The key to finding your message is explained both in the introduction and in Part 1: The Right Idea.  In case we think that writing and forming a book (for business) is just a matter of writing up our topic of the moment, the Grammar (Factory) girl sets us to rights:  will we still be game to promote this book’s core idea in three years’ time?

She then goes into the fun stuff: “What would you love to write about (that relates to what you do)?”…. along with the practical: the target audience.

“Who are you writing for?” she asks. “Will this topic solve those people’s biggest problems?”  I like how she guides our thoughts around the reader audience’s common habits and characteristics, or possibly responding to a major ambition of theirs, rather than focus on demographics (e.g. females 40 – 60).

I’ve also always believed that tapping into a reader’s fears/concerns or burning desire is the right focus. Jacqui brings up the idea of tapping into a journalist’s mindset with a media-friendly topic, and further, how to target a book to potential partners in business. These ideas give the novice author in business alternatives to simply writing about their client’s problems, the most obvious focus.

‘Test your idea’ could well be the most valuable tip in this book. After all, if you do spend three months writing and $4 – 9,000 producing a book, you don’t want it to languish unloved on your web page. You want it to be met with enthusiasm by your crowd.

Choosing the right book type for your idea. Did you know there are at least four types of book you could write… the thought leadership book is just one?  Jacqui goes into the process of each type, which I’m certain I haven’t read anywhere else.

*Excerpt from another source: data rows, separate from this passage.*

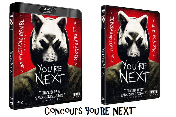 Du 15 au 29 janvier 2014 à minuit, répondez correctement aux 3 questions posées et indiquez vos coordonnées complètes. Vous gagnerez peut-être des Bluray ou des DVD du film You’re Next, dans la limite d’une seule participation par foyer. Toute participation incomplète (champ non rempli) ne pourra être prise en compte. Par ailleurs, vous augmenterez vos chances en partageant cet article sur Facebook, Twitter et Google+ (+1 chance maximum par réseau, en mettant le lien dans les commentaires ci-dessous).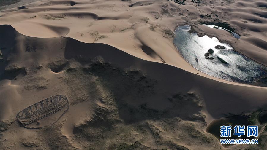 这是青海湖沙岛风光(7月28日摄,无人机照片)。盛夏傍晚,位于青海湖东北部的沙岛,岛内湖泊星罗棋布,沙丘连绵起伏,风景别致。金沙与湖水掩映,在阳光的勾勒下形成一幅美丽的画卷。新华社记者张宏祥摄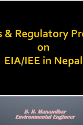 The presentation outlines the regulations and legal stipulations related to Environmental Impact Assessment (EIA) and Initial Environmental Examination (IEE) in Nepal. It includes the legal provisions found in the Environmental Protection Act of 2053 BS and the Environmental Protection Regulation of 2054 BS.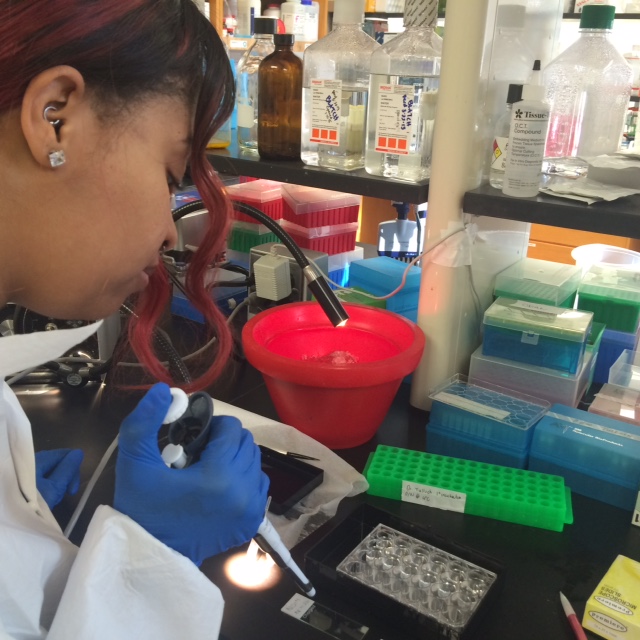 Student Lisa Taffe, an upcoming May 2015 graduate of Stevenson University's Psychology Program, in the lab working on her research project.Her reseach involved monitoring the hunger hormone in the brain of animals that were g.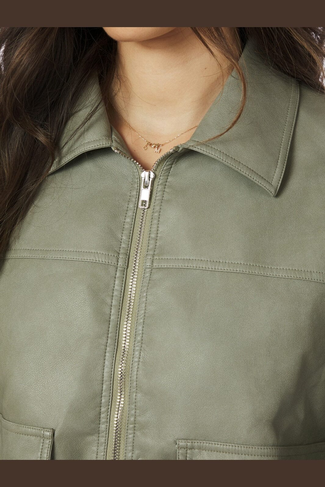 Faux skinnjakke fra Neo Noir i myk grønn nyanse. Jakken har en oversized passform med skjortekrage og glidelås foran. To store lommer med klaff på forsiden gir jakken et praktisk design.

This book has Action boxes for each section, so don’t be expecting to sit back for a holiday read!  This mind-mapping and journalling will help most nervous writers get started on their outline, and come hell or high water, be prepared for the structured writing sessions ahead.

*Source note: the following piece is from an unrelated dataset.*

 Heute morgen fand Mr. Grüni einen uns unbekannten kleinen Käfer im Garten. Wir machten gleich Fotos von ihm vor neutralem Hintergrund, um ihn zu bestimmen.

Jacqui hits a nail on the head with her tale in about “why not just write an eBook?”  I was there at that KPI event, so I know exactly how loud that book thudded on the floor when Andrew Griffiths dropped it—thud value indeed!  She talks about the reciprocation factor, as well as how a high-quality book demonstrates value.

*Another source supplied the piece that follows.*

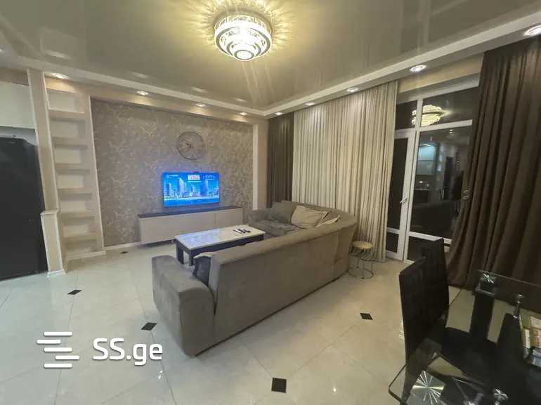 Сдается 3-комнатная квартира в Надзаладеви, на улице Чкондидели, в комплексе Бинекс, в новостройке, с мебелью и техникой, центральным отоплением, выходом на балкон как из гостиной, так и из спальни, с двухмесячной оплатой

Fleshing out the structure (or skeleton) of your book is often the slowest part, so Jacqui offers us tips on the three kinds of content: what content, why content, and how content. I think these pillars help the novice author craft their chapters in an orderly way – and stops the overwhelm authors normally run into when researching and writing their book content.

Most of us know we need to include great stories in our book; but when and how?  The ‘craft your plot’ story arc on page 150 is going to help anyone trying to tell an anecdote, along with the tip on minding your objectives.

So the answer to my earlier question is, yes, my expectations were met! If you’re looking for a writing coach, available 24/7 for a paltry one-off cost, then you best get this book.